I was so excited to have a Mexican Lasagna recipe using things I have already made. I make salsa verde on a regular basis as well as crockpot carnitas aka shredded pork. I combine them to make tacos, but with this Mexican Lasagna I have a whole other use for both. This Tex-Mex recipe is so delicious!
1- 2 pounds shredded pork (recipe below)
1 or 2 cans hominy, drained
Salsa Verde (recipe below)
2 limes or 4 tbsp lime juice
2 tablespoons honey
1 package large flour tortillas
1 pound CoJack cheese, shredded
Place oven rack in middle of oven and turn on the broiler or place oven on 400 degrees F.
Cook pork in a crockpot. (Directions below)
Pit and scoop the avocado flesh into the processor, add the lime zest and juice. Add the honey, puree until smooth and season with a little salt. Stir the avocado mixture into the salsa verde.
In a baking dish layer sauce, tortilla, meat and hominy, cheese, tortilla, sauce, meat and hominy, cheese, etc. End with a layer of tortilla, sauce and finally cheese. Place baking dish in the oven and bake for 4 to 5 minutes until bubbly and cheese is brown.

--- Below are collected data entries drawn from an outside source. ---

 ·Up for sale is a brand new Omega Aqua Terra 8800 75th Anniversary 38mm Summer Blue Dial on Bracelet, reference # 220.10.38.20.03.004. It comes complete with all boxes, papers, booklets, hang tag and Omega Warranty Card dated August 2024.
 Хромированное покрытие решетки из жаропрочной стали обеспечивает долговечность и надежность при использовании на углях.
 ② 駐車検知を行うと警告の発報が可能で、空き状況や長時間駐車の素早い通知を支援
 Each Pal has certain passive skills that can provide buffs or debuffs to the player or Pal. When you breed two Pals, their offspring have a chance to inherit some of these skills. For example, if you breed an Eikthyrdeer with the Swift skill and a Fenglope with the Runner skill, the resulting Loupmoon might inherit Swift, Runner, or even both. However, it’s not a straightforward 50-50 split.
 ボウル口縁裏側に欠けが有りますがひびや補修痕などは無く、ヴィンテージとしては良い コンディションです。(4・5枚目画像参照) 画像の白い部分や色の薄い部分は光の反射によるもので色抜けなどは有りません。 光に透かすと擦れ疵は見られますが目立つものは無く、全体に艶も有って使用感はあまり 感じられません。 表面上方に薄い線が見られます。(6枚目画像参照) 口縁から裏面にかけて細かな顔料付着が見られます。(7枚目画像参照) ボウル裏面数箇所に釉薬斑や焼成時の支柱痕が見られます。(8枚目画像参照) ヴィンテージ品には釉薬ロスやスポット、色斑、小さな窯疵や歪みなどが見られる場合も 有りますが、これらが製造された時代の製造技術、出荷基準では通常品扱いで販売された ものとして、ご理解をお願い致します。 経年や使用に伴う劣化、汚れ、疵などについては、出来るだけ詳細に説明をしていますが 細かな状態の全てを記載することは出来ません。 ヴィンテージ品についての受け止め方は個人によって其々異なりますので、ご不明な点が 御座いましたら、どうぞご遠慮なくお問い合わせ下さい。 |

Serve hot with sour cream.
Salsa Verde Recipe
10 – 12 medium to large tomatillos
2 jalapeños (3 or more depending on how much spice you like.)
1/2 an onion
1/2 cup cilantro
1 tsp cumin
1/2 tsp pepper
1 TBSP chicken seasoning
Peel the husk off the tomatillos and wash thoroughly. Boil the tomatillos, jalapeños with stems removed, and onion until soft. Once the tomatillos, jalapeños, and onion are soft, remove them from the water and put into a blender. Add cilantro, cumin, pepper, and chicken seasoning and blend well. Salt and pepper to taste.
3 lbs or more pork loin
1 tbsp bay leaves
1 tbsp ground cumin
1 tbsp salt
1 tbsp pepper
1 tbsp Knorr chicken seasoning
1 cup water
Place water in the bottom of the crockpot, then lay pork loin in. Top pork with all the seasonings and cook 4 – 6 hours on high. When the pork is done cooking, shred with two forks. You will know it is done when it shreds easily.